1

I have to manipulate strings present under a big HashSet Object and I would like to know if there is any possibility of manipulating existing HashSet object with out creating a new HashSet object

Below is my current logic, in which, I wanted to avoid the creation of 2nd HashSet (set2 object).

HashSet<String> set1 = new HashSet<String>();
set1.add("AB.12");
set1.add("CD.34");
set1.add("EF.56");
set1.add("GH.78");

HashSet<String> set2 = new HashSet<String>();
for(String data : set1) {
    set2.add(data.substring(0,2));
}

P.S.: The reason for going for a Set is to avoid duplicate entries (come from different source).

Vasu
  • 21,832
  • 11
  • 51
  • 67
  • 2
    what manipulation you intent to do ? – Stelium Sep 25 '15 at 14:33
  • "AB.12" and "AB" are two different object, do you want to keep the original object? – YoungHobbit Sep 25 '15 at 14:35
  • I wanted to keep "AB" into my set. – Vasu Sep 25 '15 at 14:39
  • One approach is to store not a plain `String`, but a _data structure_ like `{AB.12, int fromIndex, int toIndex}` in your original `HashSet`. – Victor Sorokin Sep 25 '15 at 14:39
  • Is there a specific reason to avoid the creation of the second hashset? If it is just a memory issue then the answer by @KishoreReddy will address that concern. Otherwise with non-list collections there is no way to both insert and remove elements in the same process. – markbernard Sep 25 '15 at 15:14

4 Answers4

3

Elements in a HashSet should not be altered to maintain the integrity of the set. You can think of them as immutable elements.
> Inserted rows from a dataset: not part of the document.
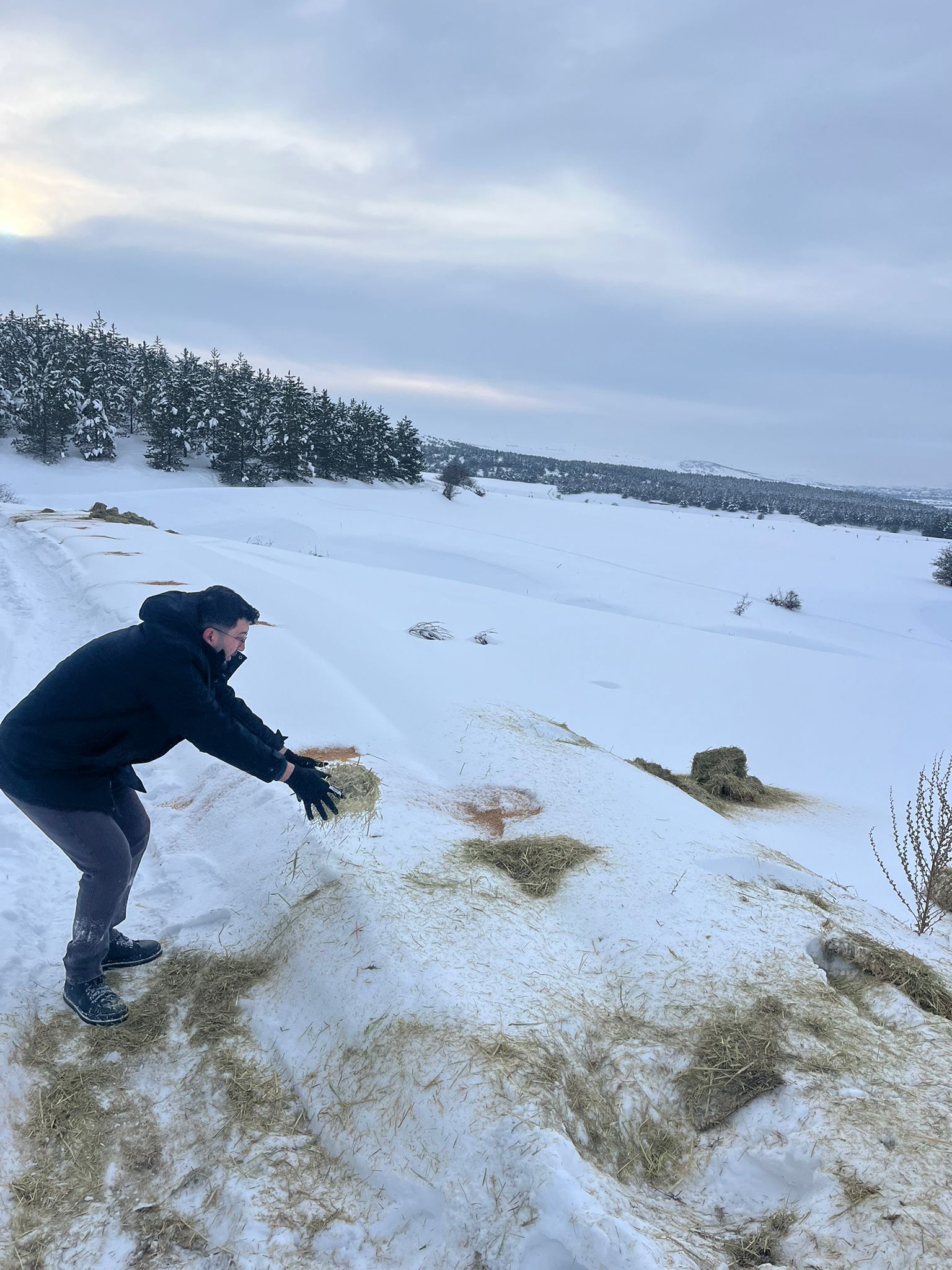 Rektörümüz Prof. Dr. Ahmet Şengönül’ün talimatları doğrultusunda yürütülen çalışmada, Sivas’ta etkili olan kar yağışı ve soğuk hava koşullarının yabani hayvanlar üzerindeki olumsuz etkilerini azaltmak amacıyla üç farklı beslenme noktasında yemleme yapıldı. Çalışmaya Veteriner Fakültesi Hayvan Hastanesi Başhekim Yardımcısı Dr. Öğr. Üyesi Sefer Türk ile Sivas’ta ikamet eden öğrenciler katıldı.
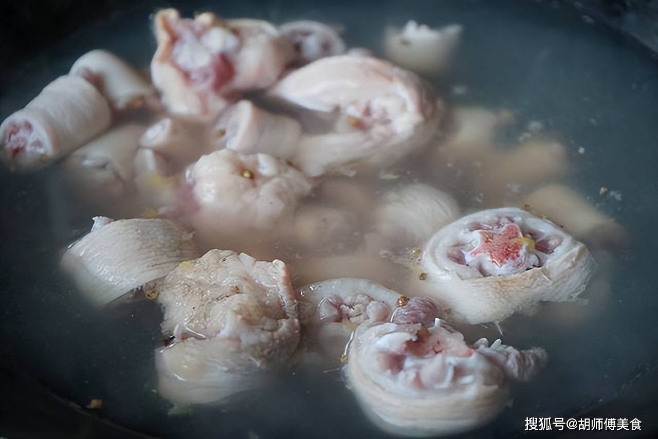 第一步:首先将猪尾巴烧一下,烧掉表面毛后,用钢丝球将烧黑的部位刷洗干净,接着再把猪尾巴剁成小段,最后将猪尾巴和适量水、白酒放入锅中,大火将猪尾巴焯水10分钟后捞出,冲洗干净备用。
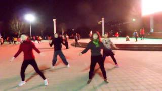 1 2Dig R heel forward with toes turned in. Grind R heel turning toes out and taking weight back on to L.

And since the order of a HashSet is not defined or constant over time, it won't be possible to add and remove elements simultaneously without potentially colliding with new elements.

However, if you're trying to conserve memory, you can simultaneously remove from set1 and add to set2.

Iterator iter = set1.iterator();

while(iter.hasNext()){
    set2.add(iter.next().substring(0, 2));
    iterator.remove();
}
elizzmc
  • 125
  • 9
  • Will the memory be re-claimed immediately after removing the elements? or will he have to wait for GC to kick in? – James Wierzba Sep 25 '15 at 14:59
  • 2
    *"Elements in a HashSet are immutable."* No, not necessarily. – Tom Sep 25 '15 at 15:00
  • You'll have to wait for GC to kick it. It'll be reclaimed ASAP, but not immediately. – elizzmc Sep 25 '15 at 15:00
  • 1
    @Tom *primitive types* in a HashSet are immutable. My apologies. – elizzmc Sep 25 '15 at 15:01
  • That is also wrong, because you can't place primitive types into a HashSet :P. I guess you mean what `String` is immutable and/or that `HashSet` items should be immutable to maintain a correct hash value. This would be true :). – Tom Sep 25 '15 at 15:03
  • 1
    @Tom, you are so much better with words that I am! I'll edit my answer to state that. – elizzmc Sep 25 '15 at 15:04
1

Java Set does not provide ordered access so you cannot step through one by one to do a replacement.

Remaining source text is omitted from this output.